# Air Traffic Control STRIKE



## siobhanwf (Mar 20, 2009)

air traffic controllers will strike from 7am-9am 19, 20, and 26 April. 

Short and sweet but will have a knock on effect throughout the day I guess


----------



## JohnBoy (Oct 25, 2009)

siobhanwf said:


> air traffic controllers will strike from 7am-9am 19, 20, and 26 April.
> 
> Short and sweet but will have a knock on effect throughout the day I guess


Thanks for the heads up but not so sweet for us Siobhan. We got delayed for two hours at Porto on Friday 13th of all days. Thank goodness my reservations were on a late train when we got to London. Then, thanks to the Virgin incident at Gatwick and yet another TAP plane going faulty, we suffered another 5.5 hrs delay on the return on Monday finally arriving back at Porto at 10 past midnight and home in Coimbra by 2.15.

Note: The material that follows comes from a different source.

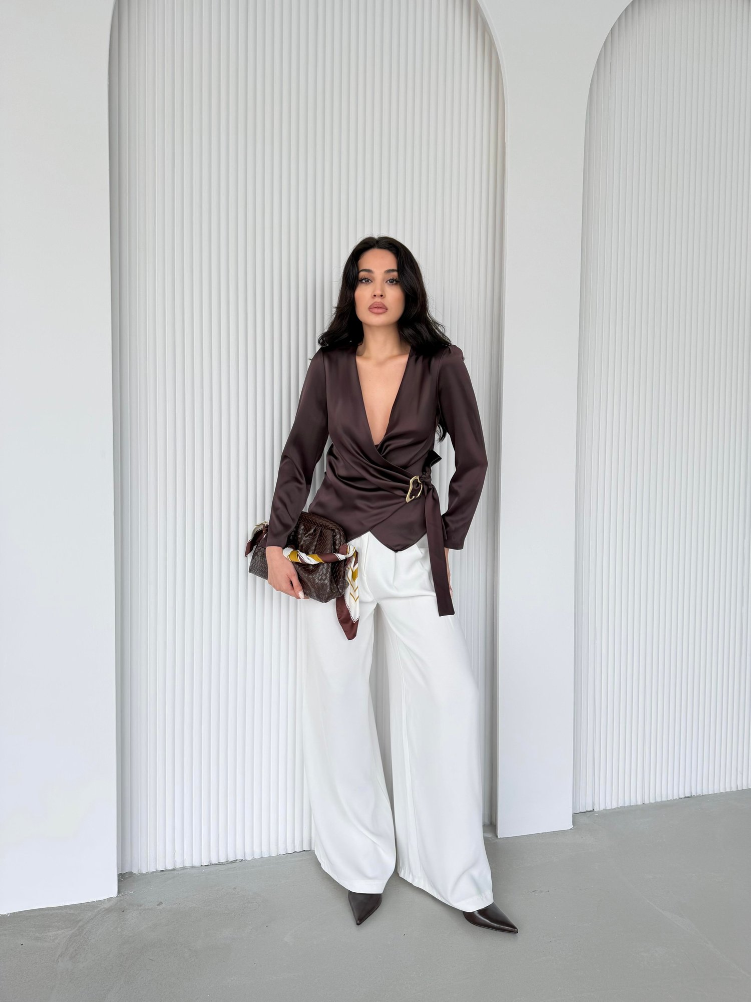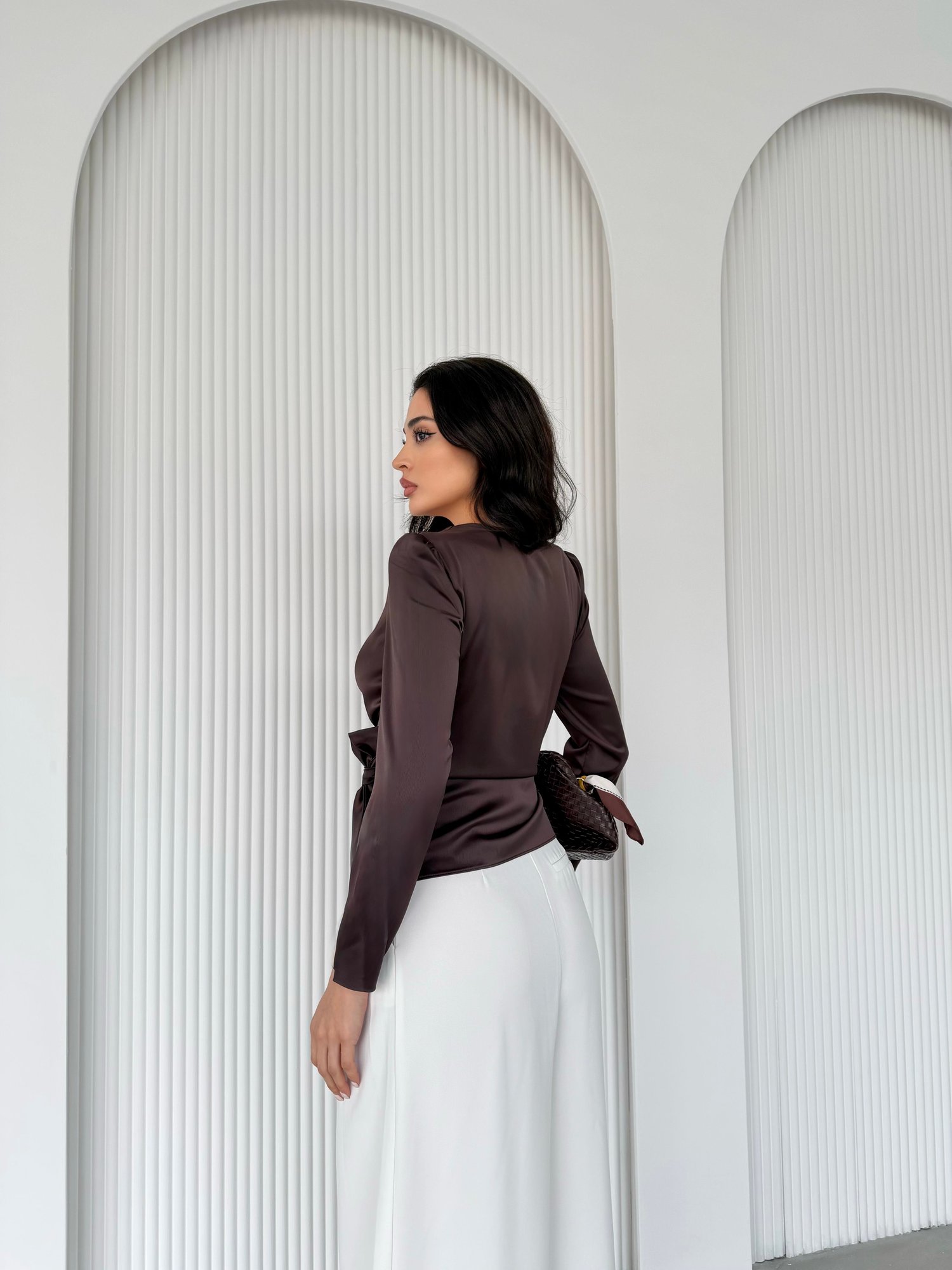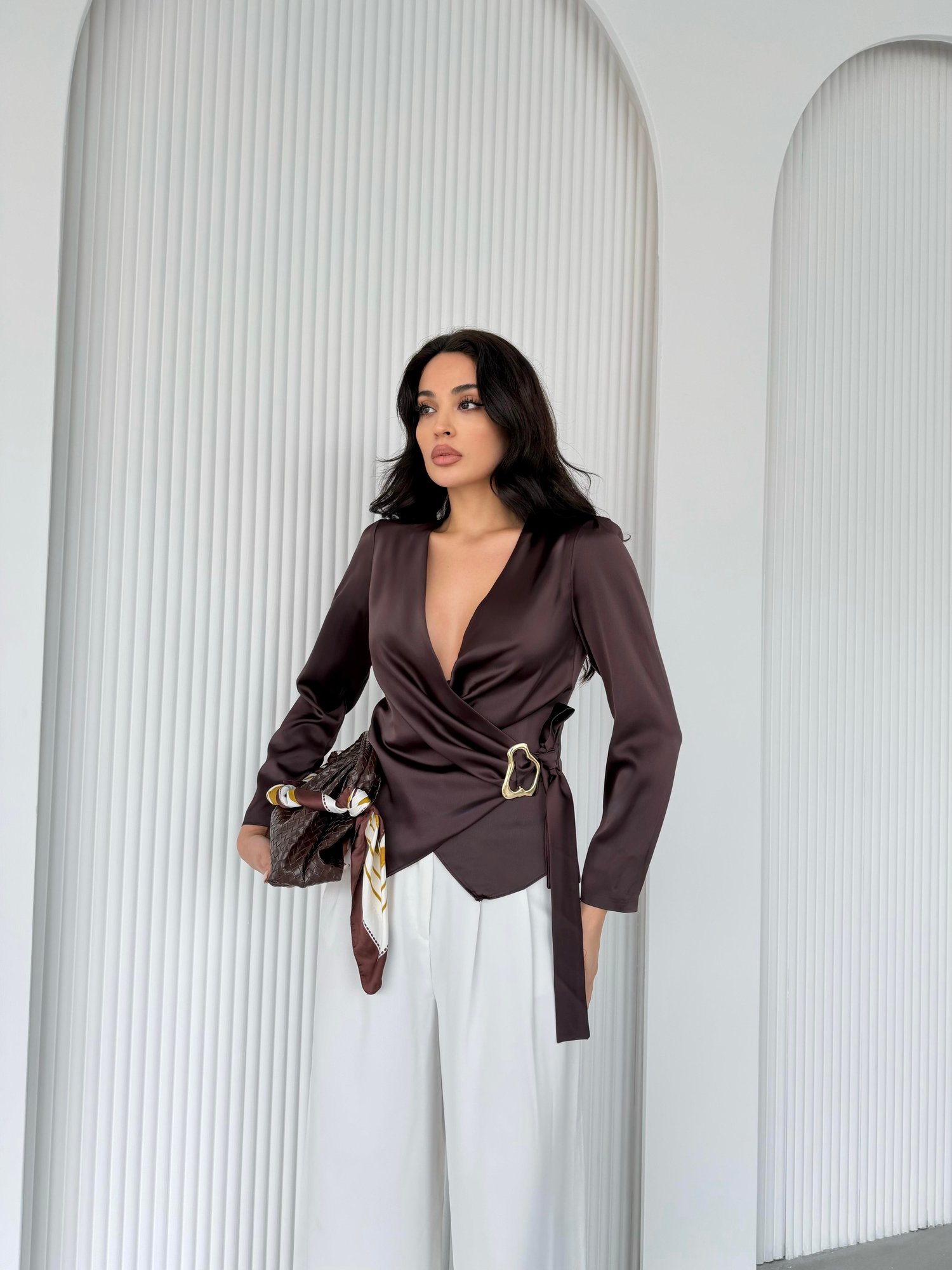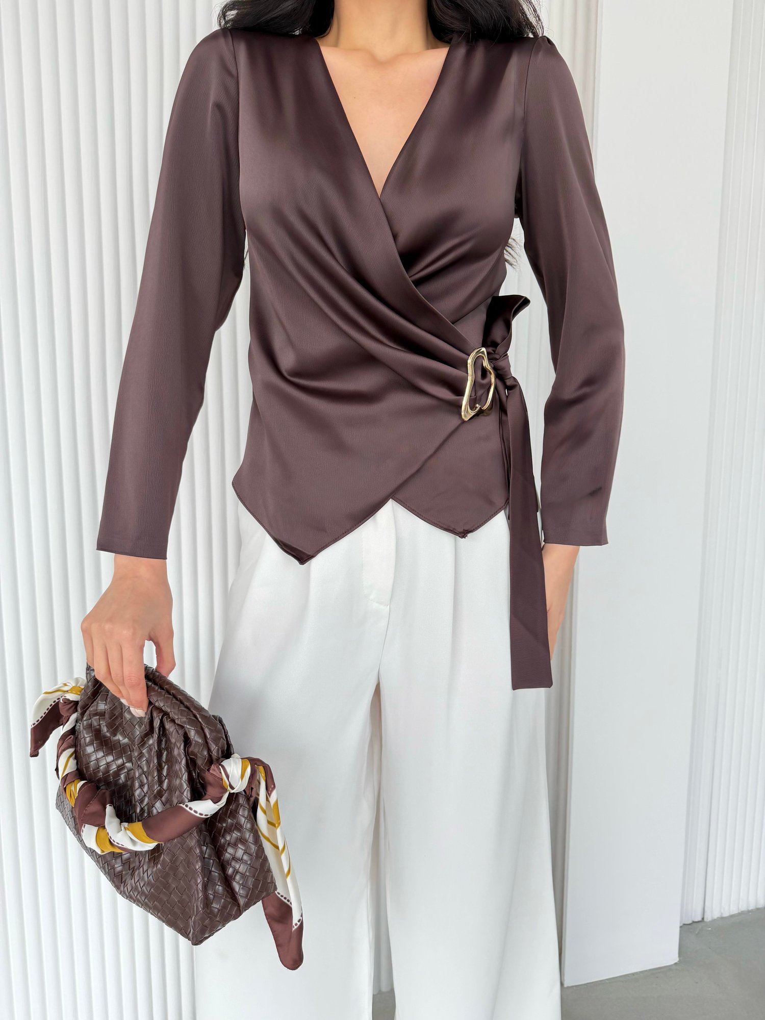 Kahve Kruvaze Yaka Toka Detaylı Saten Bluz

So that's it for us with TAP and now we're fast running out of options having already abandoned squeezyJet. High time a half decent operator moved into PT.


----------



## siobhanwf (Mar 20, 2009)

JohnBoy said:


> Thanks for the heads up but not so sweet for us Siobhan. We got delayed for two hours at Porto on Friday 13th of all days. Thank goodness my reservations were on a late train when we got to London. Then, thanks to the Virgin incident at Gatwick and yet another TAP plane going faulty, we suffered another 5.5 hrs delay on the return on Monday finally arriving back at Porto at 10 past midnight and home in Coimbra by 2.15.
> 
> So that's it for us with TAP and now we're fast running out of options having already abandoned squeezyJet. High time a half decent operator moved into PT.


Problem is though John, when it is ATC that strike ALL arlines are affected 

So sorry it must have spoilt your weekend a bit


----------



## JohnBoy (Oct 25, 2009)

siobhanwf said:


> Problem is though John, when it is ATC that strike ALL arlines are affected
> 
> So sorry it must have spoilt your weekend a bit


Just a little Siobhan. We went to Edinburgh to see the pandas and even they were on strike (asleep).

My problem with TAP is that everytime we book with them via Gatwick there is a delay. This time it was another aircraft change due to a technical fault. Perhaps privatisation wouldn't be such a bad idea.


----------



## siobhanwf (Mar 20, 2009)

*Update*

The Portuguese Air traffic controllers are planning to strike on* 11, 17, 18, 24 and 25 May*. These will be* 2 hours* strikes on each shift, *7-9am, 2-4pm and 9-11pm.*


----------